Zwei Fragen stellen wir dazu regelmäßig in unseren Workshops mit Unternehmen: Wann ist ein Prozess
eigentlich effizient? Und wann ist ein Prozess tatsächlich kundenorientiert? Am besten können diese
Fragen nicht die zentralen Stellen im Unternehmen beantworten sondern vielmehr die Kollegen direkt am
POS. Macht man ihnen auch noch klar, welche Vorteile sie selbst davon haben, wenn Prozesse im Sinne
des Kunden und damit auch im Sinne der Mitarbeiter am POS vereinfacht werden, dann entsteht plötzlich
große Bereitschaft, selbst herauszufinden, wo sich die Zeiträuber in den Prozessen verstecken.
Wenn Sie sich auf diese Reise begeben, dann stellen sie vielleicht auch so wie einer unserer Kunden
fest, dass gerade einmal 1/3 der Mitarbeiterstunden in den Filialen in den direkten Kundenkontakt gehen.

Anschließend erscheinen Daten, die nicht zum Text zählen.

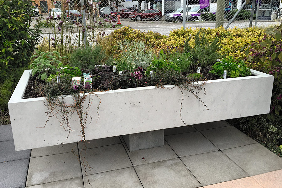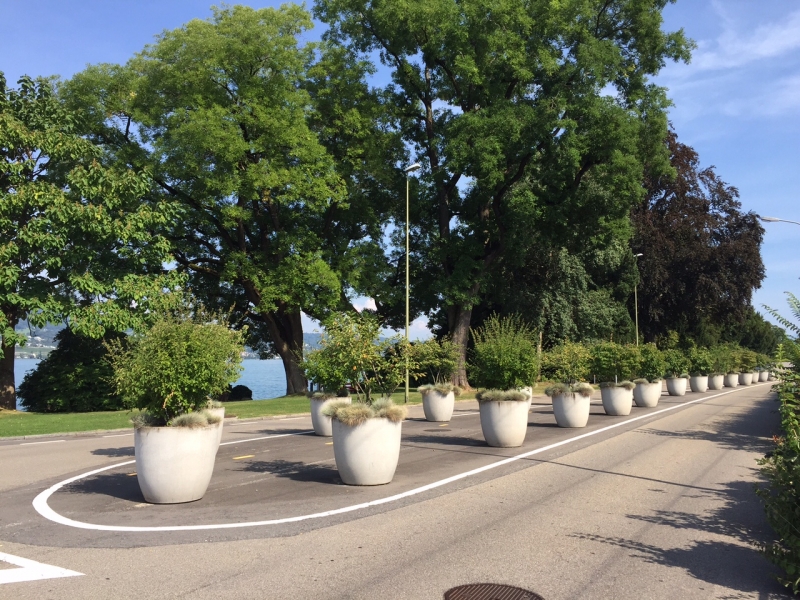 Die Zufahrt zur Fähre Horgen-Meilen wurde mit Pflanztrögen Pot begrünt, aber auch beruhigt. Durch die grosszügigen Tröge entsteht eine grüne Allee. Selbstverständlich können auch nur einzelne Tröge versetzt werden, um einen grünen Akzent zu setzen.
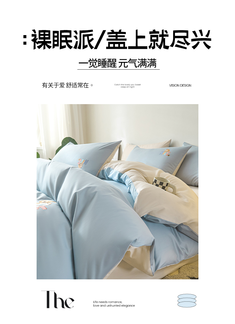 (总)拼社家纺 2025新款母婴及全棉水洗棉刺绣四件套纯棉床上用品,艾玛绿+卡其,繁星蓝+卡其,繁星蓝+玫瑰粉,红豆沙+雅灰,迷雾灰+玫瑰粉,蜜粉+雅灰,奶油白+卡其,奶油白+香橙,牛仔蓝+浅蓝,香橙+雅灰

Und das ein erheblicher Anteil der Zeiträuber durch das Handeln und die Vorgaben der Zentrale
ausgelöst wird (u.a. unpassende Warensteuerung, überflüssige WE-Kontrolle, komplexe VM-Richtlinien,
unflexible Personalplanung). Die gemeinsame Sichtweise auf diese Situation hatte in diesem Fall
erheblichen Anteil daran, dass die Kundenzeit auf nahe 50% gesteigert werden konnte.
6.
FAZIT
Bewegen, Fokussieren, Vereinfachen: konkretes Handeln zeigt, wie es gelingt die beiden vermuteten
Antagonisten TECH und TOUCH miteinander in Einklang zu bringen. Kein Zweifel, die Technik bringt
enorme Vorteile für die Leistungssteigerung in allen Bereichen und ist ein Muss für den Handel der
Zukunft. Technik alleine macht jedoch noch kein exzellentes Geschäftsmodell. Exzellenz entsteht erst,
wenn es gelingt, Menschen für die neuen Wege zu begeistern, sie hinter eine gemeinsame Sache zu
bringen und es ihnen maximal ermöglicht wird, ihre Fähigkeiten und Talente zu entfalten. Wem es gelingt,
dieses Potenzial zu nutzen, der hat mit Sicherheit einen echten Differenzierungshebel und Vorteil im
zukünftig nicht geringer werdenden Wettbewerb.